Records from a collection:
+++
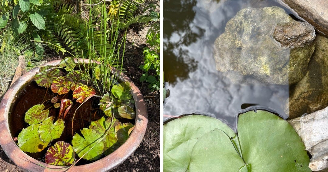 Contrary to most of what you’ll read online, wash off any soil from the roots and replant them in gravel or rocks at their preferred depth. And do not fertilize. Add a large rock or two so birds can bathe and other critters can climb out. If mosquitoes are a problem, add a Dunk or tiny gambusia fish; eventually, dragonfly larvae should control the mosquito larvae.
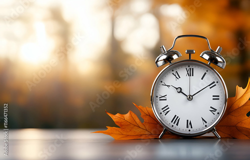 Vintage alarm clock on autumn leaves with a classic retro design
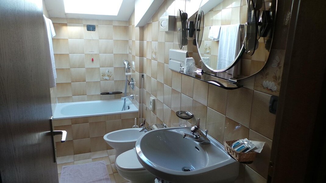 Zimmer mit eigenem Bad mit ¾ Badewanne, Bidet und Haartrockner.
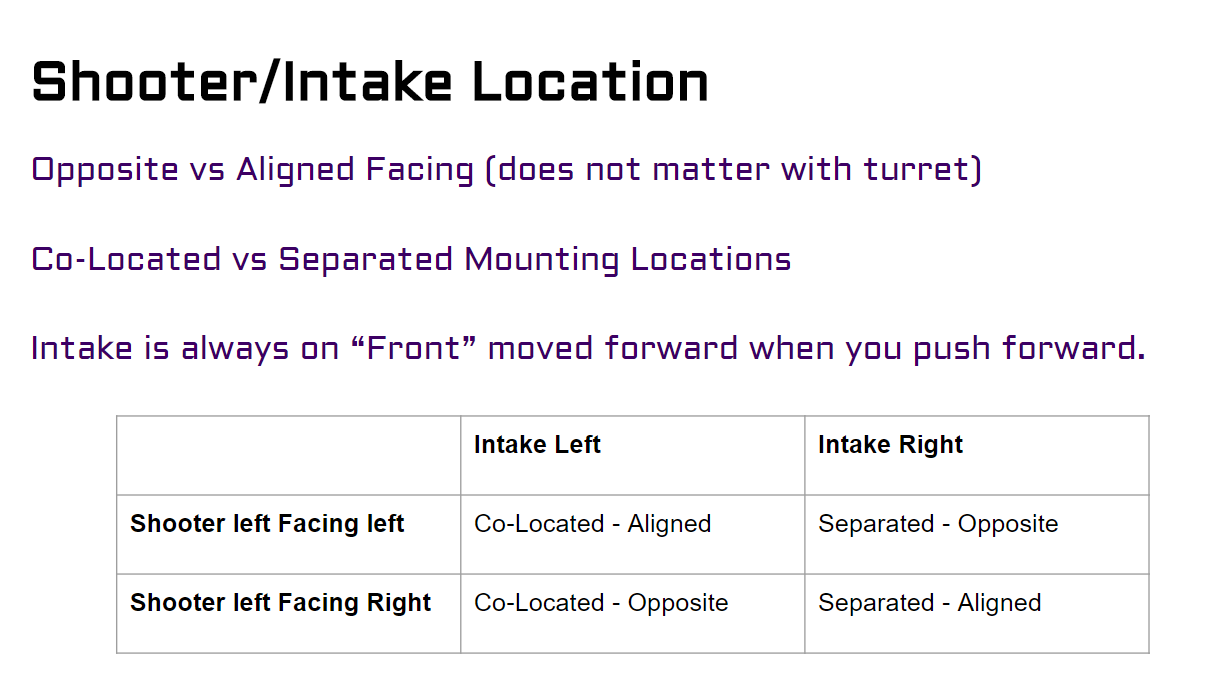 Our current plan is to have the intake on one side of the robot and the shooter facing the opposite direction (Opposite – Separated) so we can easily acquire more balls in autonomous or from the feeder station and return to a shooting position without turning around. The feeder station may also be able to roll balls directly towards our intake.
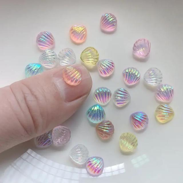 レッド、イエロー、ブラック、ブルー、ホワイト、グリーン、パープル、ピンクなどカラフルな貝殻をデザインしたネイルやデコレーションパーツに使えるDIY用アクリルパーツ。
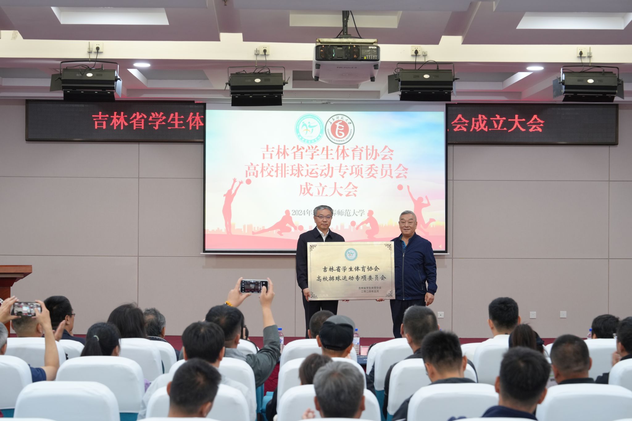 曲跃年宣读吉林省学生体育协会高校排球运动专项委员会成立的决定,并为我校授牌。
+++
§ The task: Please return only the lines from the top of the data through the line with "Zimmer mit eigenem", exactly as written, and drop every picture.

§ Exercise answer:
 Contrary to most of what you’ll read online, wash off any soil from the roots and replant them in gravel or rocks at their preferred depth. And do not fertilize. Add a large rock or two so birds can bathe and other critters can climb out. If mosquitoes are a problem, add a Dunk or tiny gambusia fish; eventually, dragonfly larvae should control the mosquito larvae.
 Vintage alarm clock on autumn leaves with a classic retro design
 Zimmer mit eigenem Bad mit ¾ Badewanne, Bidet und Haartrockner.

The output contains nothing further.